I picked at a hedge leaf. Enoch reached up and took my hand in his. “I know a little about what happened to you. When you were sick with fever on my ship, I witnessed you reliving part of it and it made me want to tear the sky apart.”

“You could probably do that,” I laughed.

He shook his head, disgusted. “None of what you’ve experienced at their hands is funny. It’s astonishing to me that you can still find it within you to laugh.”

“It’s a defense mechanism,” I admitted. “Much like sarcasm, which I am fluent in, by the way.”

He shook his head, bemused.

For the first time all evening, the headache faded and my head felt light. My lips tingled, though not uncomfortably, which I attributed to the wine. I’d had almost an entire glass, but since it was the first time I’d drank alcohol before, it must have affected my motor skills.

“I don’t want to leave,” I declared, sloppily throwing my arms around his neck and breathing him in.

“I don’t want you to go.” The way he said the words tattooed them onto my heart.

“Maybe Titus can unlink us and I can stay here,” I suggested.

“Would you really consider it?” he asked, brows raised. His eyes searched mine for the answer I could tell he desperately wanted.

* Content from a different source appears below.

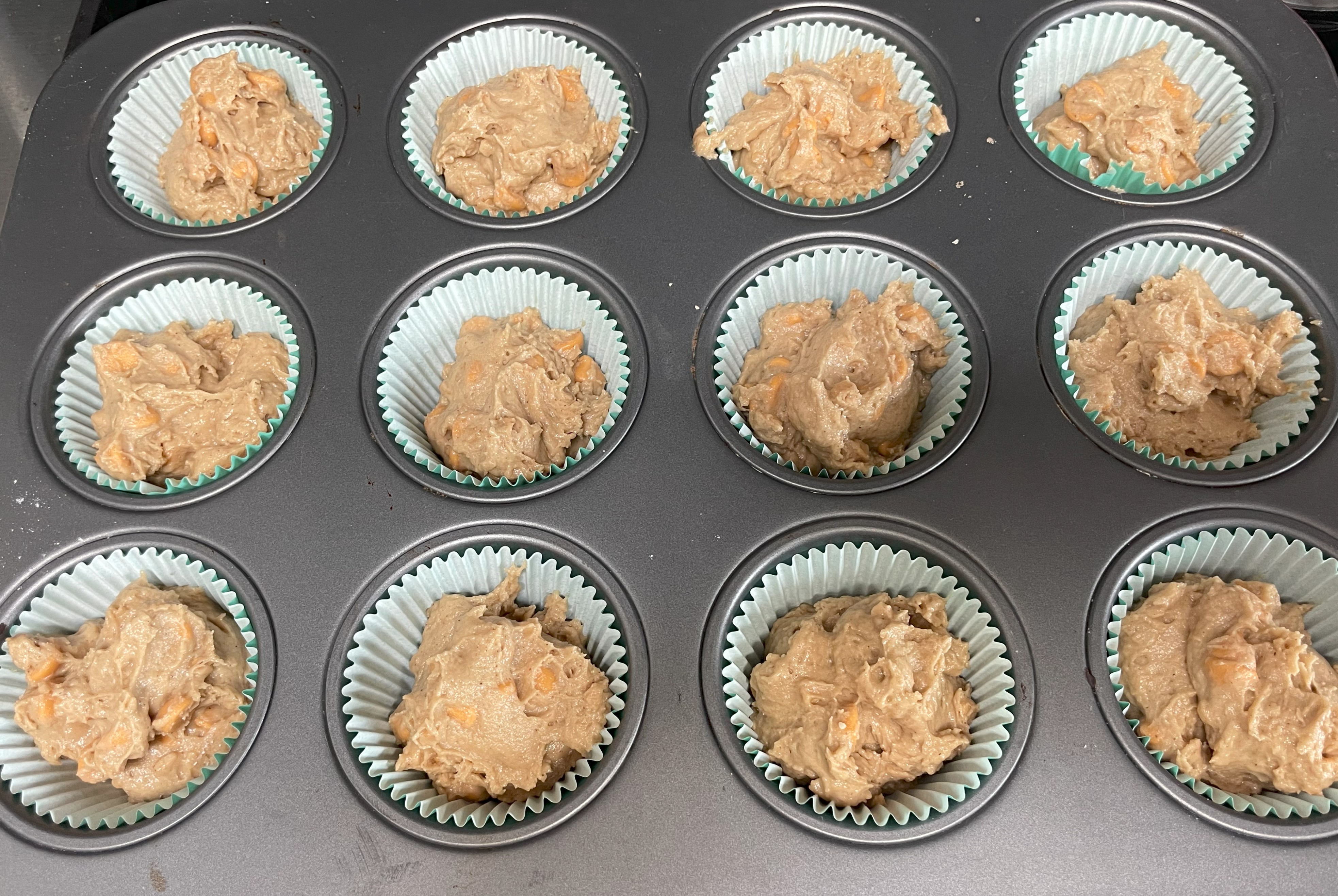 Get a muffin tin and line 16 cups with cupcake liners and fill each cup about ¾ of the way full with your batter.

I kissed him. Of course I would consider it. What we needed was to quit doing what everyone else expected and do what we wanted for a change. I’d just make sure Titus was good to return on his own and then ask him to help me remove the tech.

I wrapped my arms around his neck and giggled. My head felt like fizzy water; bubbles surged and popped and rushed to the tips of my toes and fingers.

I couldn’t feel them. They’d gone to sleep.

My lips were numb, too. Really numb. I reached up to feel them and couldn’t raise my hand high enough.

“Are you well?” Enoch asked suddenly, holding me by the elbows.